__SOURCE DATA__:
━━━━━━━━━━━━━━━━━━━━━━━━━━━━━━

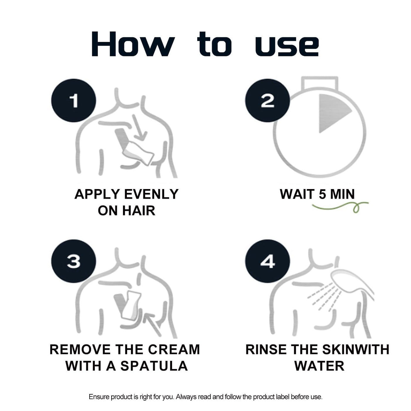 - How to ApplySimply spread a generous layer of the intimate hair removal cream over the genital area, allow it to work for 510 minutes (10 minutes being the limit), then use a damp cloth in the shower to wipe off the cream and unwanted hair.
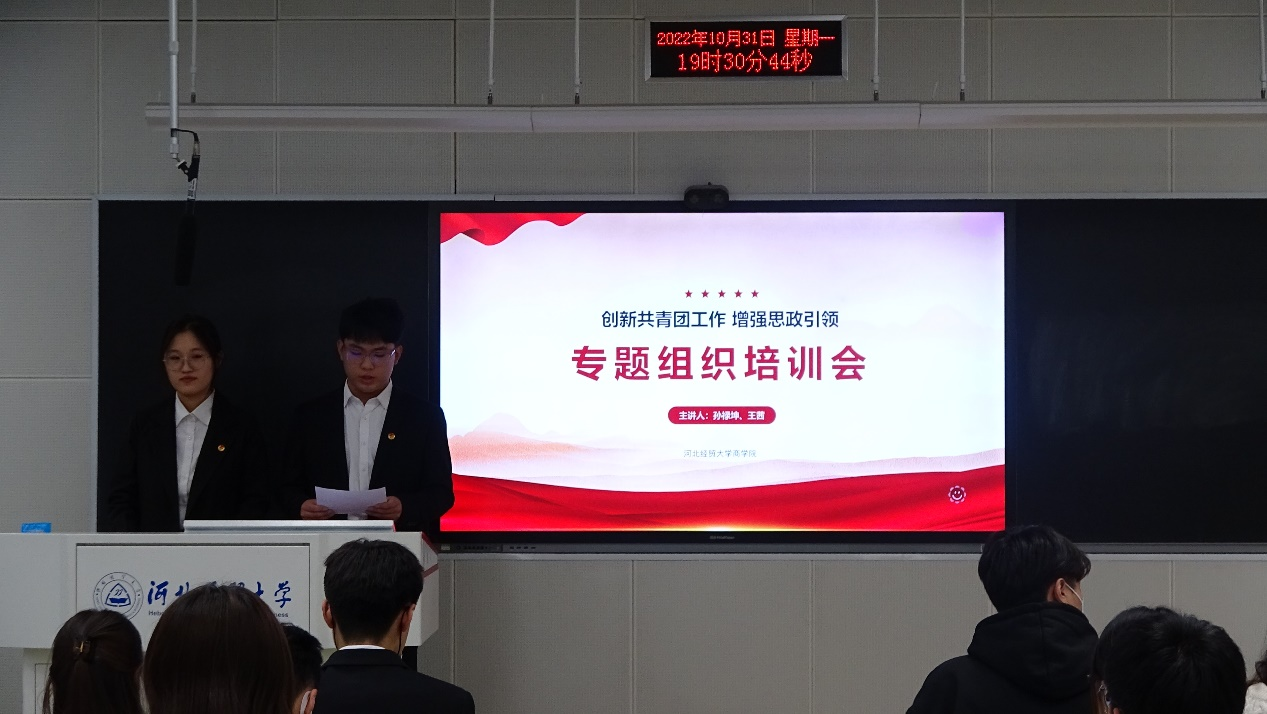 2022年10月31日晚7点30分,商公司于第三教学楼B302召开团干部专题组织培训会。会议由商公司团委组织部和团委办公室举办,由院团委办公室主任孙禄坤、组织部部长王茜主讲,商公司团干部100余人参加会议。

━━━━━━━━━━━━━━━━━━━━━━━━━━━━━━

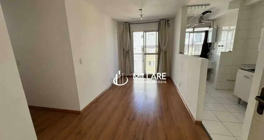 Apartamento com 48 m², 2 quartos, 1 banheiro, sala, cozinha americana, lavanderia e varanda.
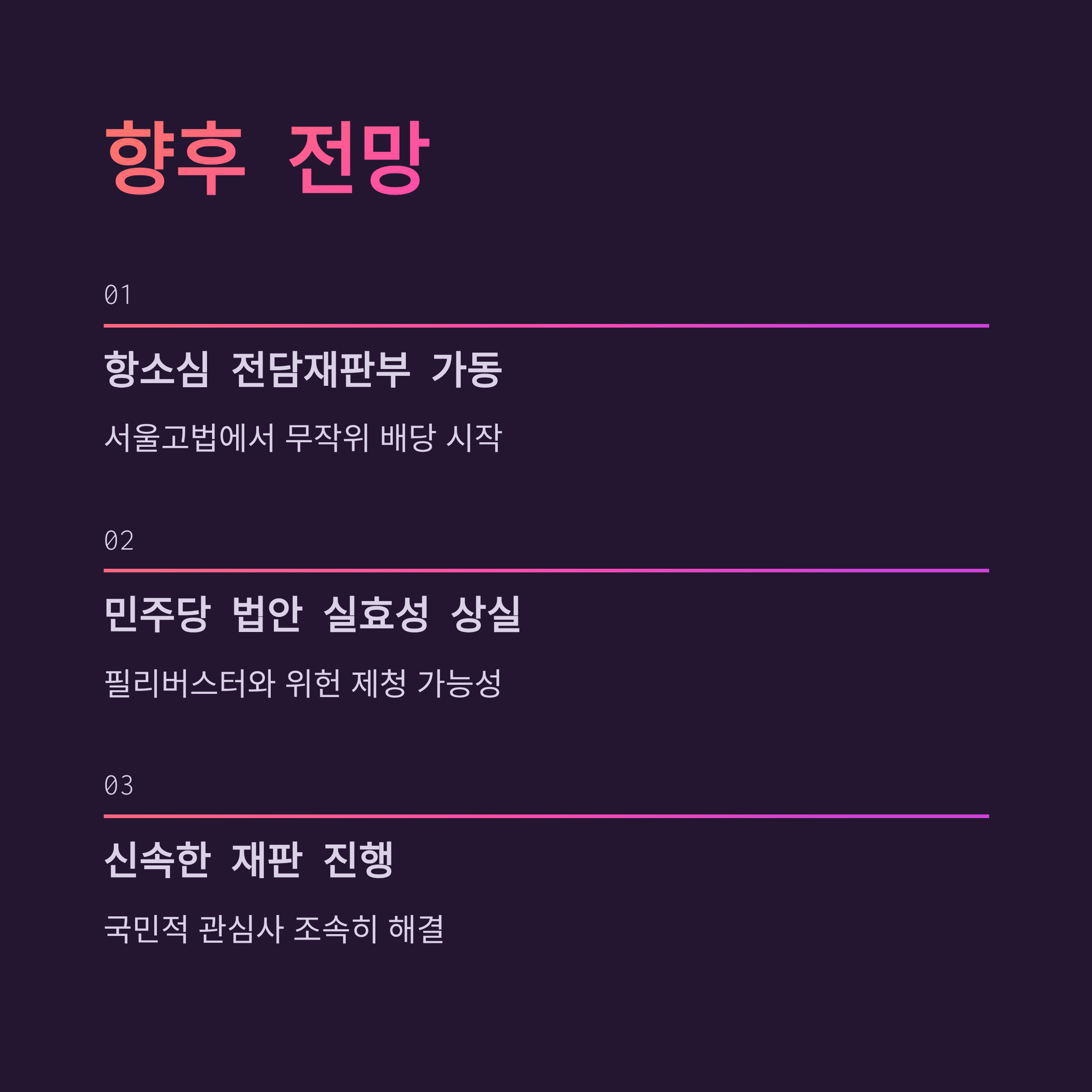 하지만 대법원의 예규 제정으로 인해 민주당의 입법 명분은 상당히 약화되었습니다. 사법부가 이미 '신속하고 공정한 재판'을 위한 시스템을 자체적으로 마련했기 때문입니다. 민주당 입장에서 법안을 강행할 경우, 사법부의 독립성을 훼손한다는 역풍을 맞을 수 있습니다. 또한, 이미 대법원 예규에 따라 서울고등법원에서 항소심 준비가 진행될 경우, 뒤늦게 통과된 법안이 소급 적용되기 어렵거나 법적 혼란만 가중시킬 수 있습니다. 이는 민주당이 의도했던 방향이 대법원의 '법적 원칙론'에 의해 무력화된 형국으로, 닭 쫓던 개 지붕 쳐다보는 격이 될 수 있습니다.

━━━━━━━━━━━━━━━━━━━━━━━━━━━━━━

__WORK REQUEST__: In the entries above, which lines run from the one with "Apartamento com 48" up to and including the one with "하지만 대법원의 예규"? Write them out exactly, without the pictures.

__PROBLEM SOLUTION__:
 Apartamento com 48 m², 2 quartos, 1 banheiro, sala, cozinha americana, lavanderia e varanda.
 하지만 대법원의 예규 제정으로 인해 민주당의 입법 명분은 상당히 약화되었습니다. 사법부가 이미 '신속하고 공정한 재판'을 위한 시스템을 자체적으로 마련했기 때문입니다. 민주당 입장에서 법안을 강행할 경우, 사법부의 독립성을 훼손한다는 역풍을 맞을 수 있습니다. 또한, 이미 대법원 예규에 따라 서울고등법원에서 항소심 준비가 진행될 경우, 뒤늦게 통과된 법안이 소급 적용되기 어렵거나 법적 혼란만 가중시킬 수 있습니다. 이는 민주당이 의도했던 방향이 대법원의 '법적 원칙론'에 의해 무력화된 형국으로, 닭 쫓던 개 지붕 쳐다보는 격이 될 수 있습니다.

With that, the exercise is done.